Usually New Year's Eve is a time for people to look back and reflect on their year, see their accomplishments, and look forward to what's to come. Last year however, as I looked forward to my twenty-third year of life, I decided to reflect back on everything that happened in my exciting year twenty-two.

Today, as I prepare to leave this afternoon to spend the weekend serving at another Encounter with God - this time for adolescents, most being my science lab students last year - I'm thinking back on this year and remembering all the neat things that have happened. 

I turned 23 on the 23rd last August and I was determined to make this a good year. Since I was in first grade, 23 has been my favorite number, and for it to be my favorite number and my golden birthday, something amazing had to happen this year right?

Twenty-three started off with a celebration with my host family at a new restaurant with a whole buffet of beautiful desserts. I later was whisked off to a surprise dinner with all the missionaries. This part included driving through Asunción in the dark after the power went out, with part of the surprise ruined as Natalie and Mary scrambled to call everyone to change locations to the other Mexican restaurant in town that actually had power. What a memory!! :D 

God really spoke to me at the end of August at the Encounter with God for women and I had an unforgettable experience, realizing how much I have a call to serve.  

September is special because I spent a week in Yrybucua serving with the St. Matthew medical clinic team and experienced God in such a tangible way. 

After that trip, a new friendship blossomed into true love as Nolberto and I started talking everyday.... which has resulted in a now six-month relationship with the love of my life. :)

In November, I finished my first year of teaching, an accomplishment years in the making, and felt so proud of myself. I was also in a little disbelief that I survived, but all the more confident that I was exactly where I needed to be and excited to come back for year two. 

December was a difficult transition back home with reverse culture shock hitting me hard and the realization that my heart will never be complete again, as it's split in pieces now. 

January was full of traveling.... Florida, Seattle, Ohio, Olivet, Chicago, Paraguay... all within three weeks!
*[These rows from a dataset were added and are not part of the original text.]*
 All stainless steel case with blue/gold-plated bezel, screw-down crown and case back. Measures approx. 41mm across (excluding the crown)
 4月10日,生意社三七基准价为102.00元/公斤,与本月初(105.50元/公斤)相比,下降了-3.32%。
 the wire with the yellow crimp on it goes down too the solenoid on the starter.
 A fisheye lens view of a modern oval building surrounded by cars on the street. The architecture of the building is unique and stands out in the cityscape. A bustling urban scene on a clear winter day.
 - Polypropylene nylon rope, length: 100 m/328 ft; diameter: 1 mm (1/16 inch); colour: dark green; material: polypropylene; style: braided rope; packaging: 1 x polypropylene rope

It was an absolute blast to see new places, and spend quality time with so many loved ones who I hadn't seen in so long. 

My time in Paraguay has been more difficult this year than last, but every time I get discouraged, I'm reminded of how much of a difference I'm making. When I came back, my colleagues at school were so happy to see me and my students were excited to have me as their teacher again. 
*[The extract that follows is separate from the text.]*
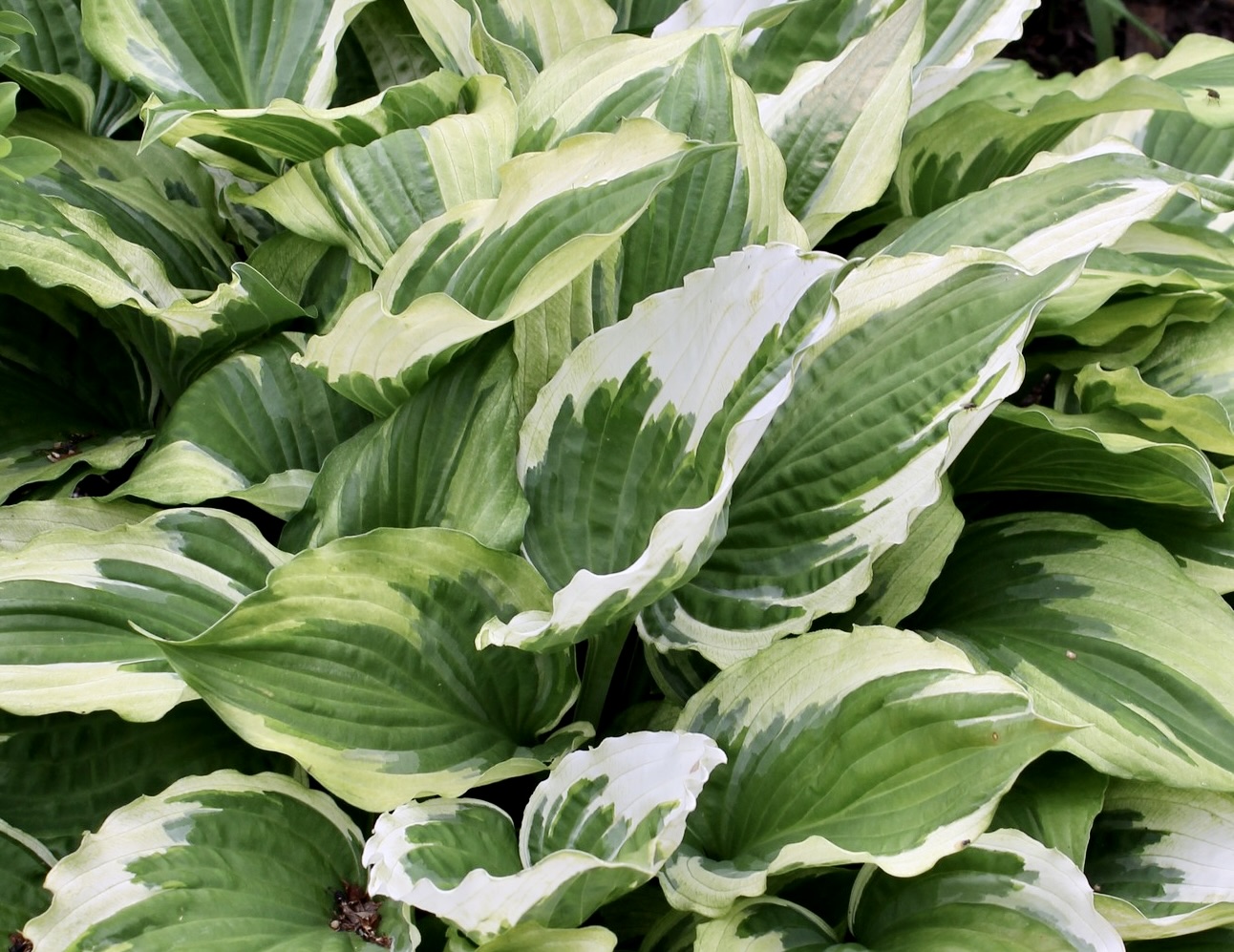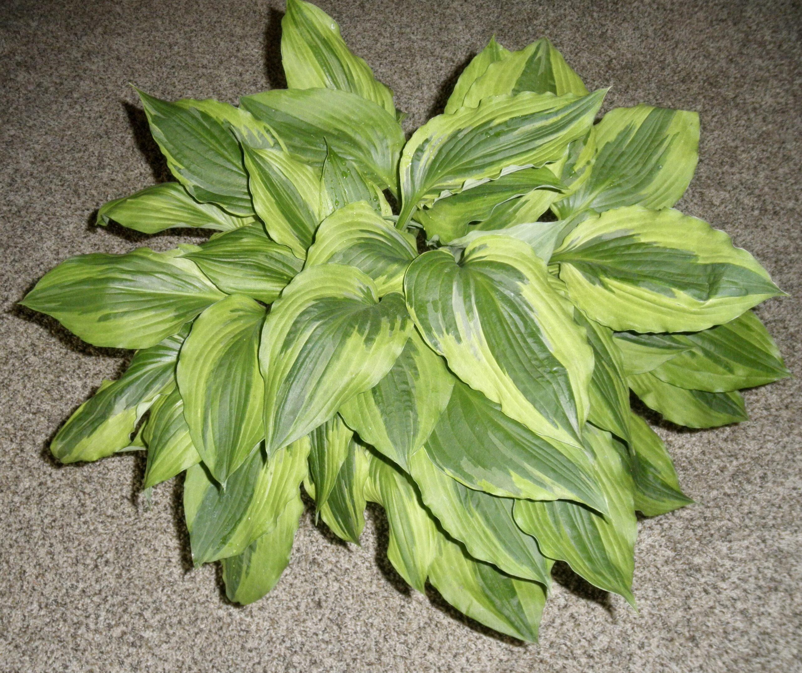 A lovely sport of ‘Night Before Christmas’. Nicely corrugated green leaves with a creamy white edge. In late summer the leaves turn all green. Lavender flowers in summer. Matures 24 inches high and 48 inches wide. Zones 3-9.

In May for Teacher's Day, I received so many notes and gifts from students, expressing their love and appreciation for me. Once again reminding me that my purpose here, to share God's love, was being fulfilled. 

I've had a wonderful year serving in various capacities and deepening relationships, and the only bad part in all of this will be having to say goodbye at the end of the year. 

Today, my amazing fifth graders threw me surprise parties in the morning and afternoon classes. Each one wrote me a card that that almost made me cry. Each one wrote how much they love me and how I'm "the best teacher in the world." They wrote about my patience and kindness and how I make them laugh. They wrote how thankful they are for me and how they know it's hard to be away from my family on my birthday. One girl wrote, "but we are your second family." :)

Twenty-three sure was great, but it looks like twenty-four is shaping up to be wonderful as well. :)

Thank you God, for leading me exactly where I need to be and for showing me I'm making a difference! :)

Monday, August 3, 2015

Ministry update - August 3rd

Hola a todos!

Wow, it's been a crazy few weeks here in Paraguay. 
Winter is coming to a fast close as temperatures are back up to the 80s and 90s again some days. 

Over our two week winter vacation in July, I helped serve at the first ever youth camp for the North District at the Quinta Linea church near Yrybucua. Over 50 teens and young adults from 7 different churches participated. It was a wonderful two days full of dynamic preaching, fun games and competitions, rocking out to some new worship music, and lots of fellowship. Everyone left with a deeper understanding of God's love, and a renewed hunger to continue growing in their relationship with their Heavenly Father.


Group photo
Credit: Eliane Lacentre


Credit: Eliane Lacentre

Credit: Eliane Lacentre


Credit: Eliane Lacentre

Credit: Eliane Lacentre

Credit: Eliane Lacentre

On the second day, Pastora Joyce from Brazil, who preached at the national youth camp in February, gave a workshop on evangelism and then we spilt into four big groups and did some door-to-door evangelism. Several people accepted Christ in just the one hour we went out. Praise the Lord!


Credit: Eliane Lacentre
Credit: Eliane Lacentre
Credit: Eliane Lacentre

The youth in this district have so much potential and we're so glad the dream of having this camp became a reality. This camp allowed them to grow deeper in their relationship with the Lord and see how they can use their gifts to further God's kingdom. We're looking forward to doing more activities in this district in the future. 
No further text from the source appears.